Living in a foreign country is a blessing, a huge one. Living in a foreign country and serving the Lord is an even bigger blessing. Before leaving to China, I wasn’t told that my “job” would be easy, in fact I was told some days would be hard. Some days I really miss my bed, my family, my friends, my food, and especially my Dr. Pepper. But, I literally can’t get much closer to Christ than I am right now. I will admit it, sometimes I forget that and my selfishness comes right in, a temptation I buy into.
We were asked about a month ago if we would help tutor three of the boys in our group (foster) homes. Since there are three of us it was of course a perfect fit and very hard for us to say no. The little boy I tutor four times a week is named Jerry in English. He is a very comical 9 year boy. His attention span is the same of any other 9-year-old boy you probably know, not the best. But he is a character. Jerry was born with spina bifida and did have surgery but his lack of regular physical therapy has left him unable to use his legs. When outside he uses a wheel chair but around the house he pulls himself on the ground–he’s actually really fast and can climb up to chairs, etc. all by himself; he just can’t walk.

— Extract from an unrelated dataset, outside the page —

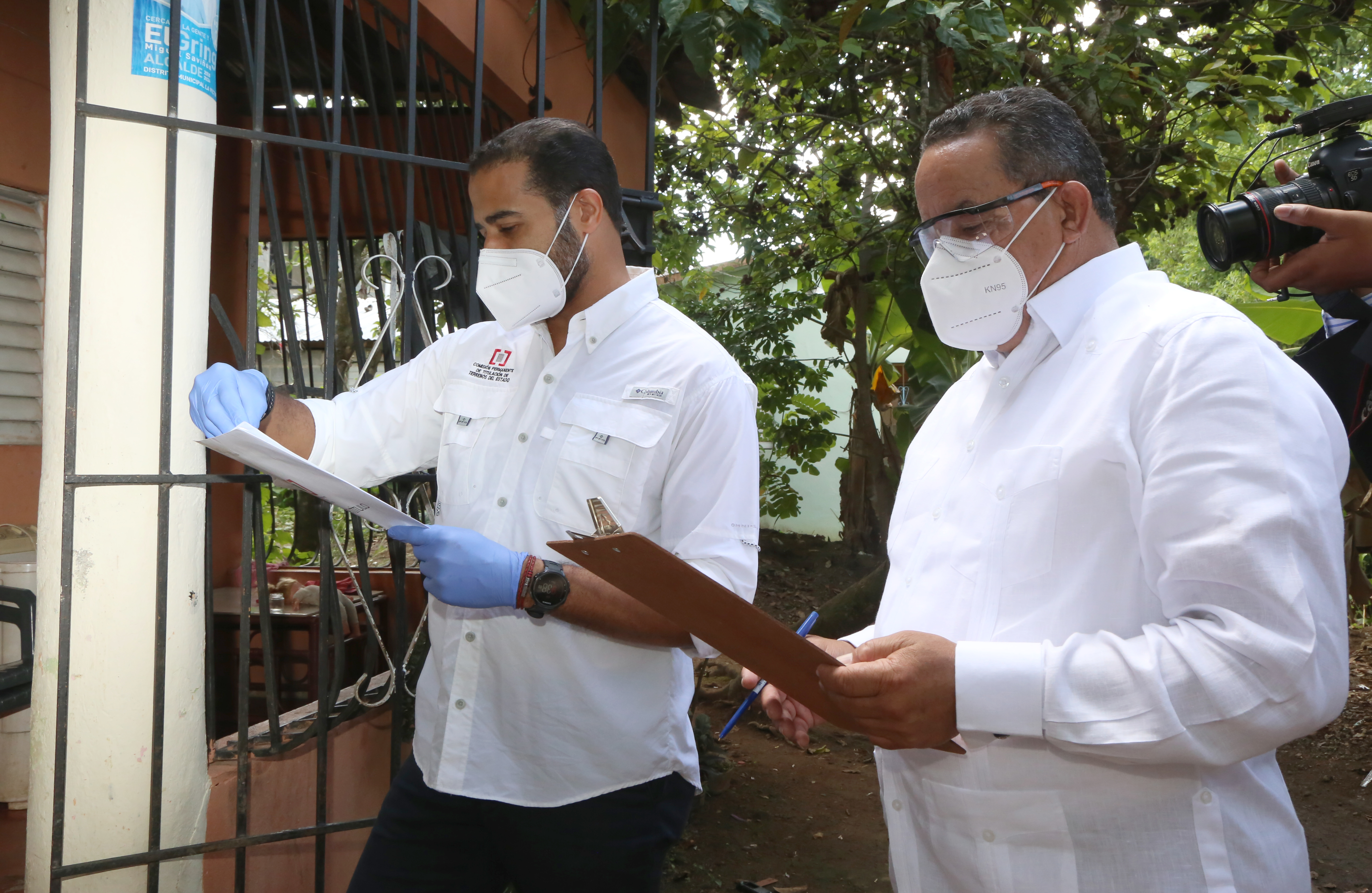 Los directores de la Comisión Permanente de Titulación de Terrenos del Estado (CPTTE), José Dantés Díaz y del Instituto Agrario Dominicano (IAD), Emilio Torio Olivo, durante la entrega.

The reason we were asked to begin tutoring them is because they were recently transferred to a bilingual school where the teachers speak only in english. Jerry knows a few english words but I know not enough to understand instructions given to him. The two other boys and himself depend on the other chinese students to tell them what to do in chinese. Since we had no idea the actual level of their english I asked him to recite the alphabet and his numbers the first few classes. He knows the majority of the alphabet and I think now could identify every letter (capital & lowercase) if shown and can write almost every letter when asked verbally. He knows all his numbers up to 100, we are still working on anything above. He also knows all his colors (basic) and knows a good majority of foods and veggies. We just learned today about family; I showed him pictures of my brother, big sister, little sister, mom, dad, grandma, etc and then we learned how to say older, younger, big, little, etc. He really enjoyed the pictures. I pray that by the time we return to the states his english will have rapidly improved and we can have full on conversations together.
So back to my selfishness…
Today after our chinese class in the afternoon we took the bus home like usual. We have to cross the street after getting off the bus and still have about a 5-10 minute walk back home. Living in Beijing we don’t often see poverty. Sure, it is around us just as much as it is around the states but it’s just not as hand on as it might be in Mexico or Ecuador. Well, today we passed a lady sitting on a curb and as I observed her I saw she only had one shoe on, I looked around her and did not see the other shoe anywhere around her. Immediately I felt the Holy Spirit tell me to take off my own shoes and offer them to this lady even if I couldn’t speak the language very well. Instead I thought of myself and how I would have to walk so far without shoes! I decided I was crazy and her other shoe had to be somewhere…I continued to walk home and forgot about the lady on the curb.
After returning home, grabbing my tutoring materials and a quick break I headed to tutor in an apartment building a few away from mine. I came upon Jerry, his foster mom and his fellow foster sisters and brother outside. What immediately struck me was how cute I thought his mom’s shoes were. She picked up Jerry from his wheelchair, brought him inside and I wanted to impress her with my little chinese, “wo xi huan ni de xie!” (I like your shoes!) She smiled (half laughed at my probably incorrectly pronounced chinese) and took off her shoe for me to try it on, I smiled, laughed then put my shoes back on. Jerry and I had our tutoring class and just at the end she walked in the door….the shoes I told her I liked were washed and in a bag that she then placed in my hands. I immediately shook my head, told her I didn’t need them multiple times and begged her to keep them. She refused over and over, kept telling me thank you with the biggest smile on her face and putting them back in my hands the entire time. I took the shoes, hugged her and then told both her and Jerry I would see them next week.
I walked out the door realizing the lesson Jesus taught me in this: when I ask you to do something, do it. I will always reward you for obedience. Jesus had asked me less than an hour before to give a lady my shoes knowing that the foster mom would be giving me the shoes literally under her own feet. I felt ashamed taking them but blessed that Jesus loves me even when I choose to ignore Him.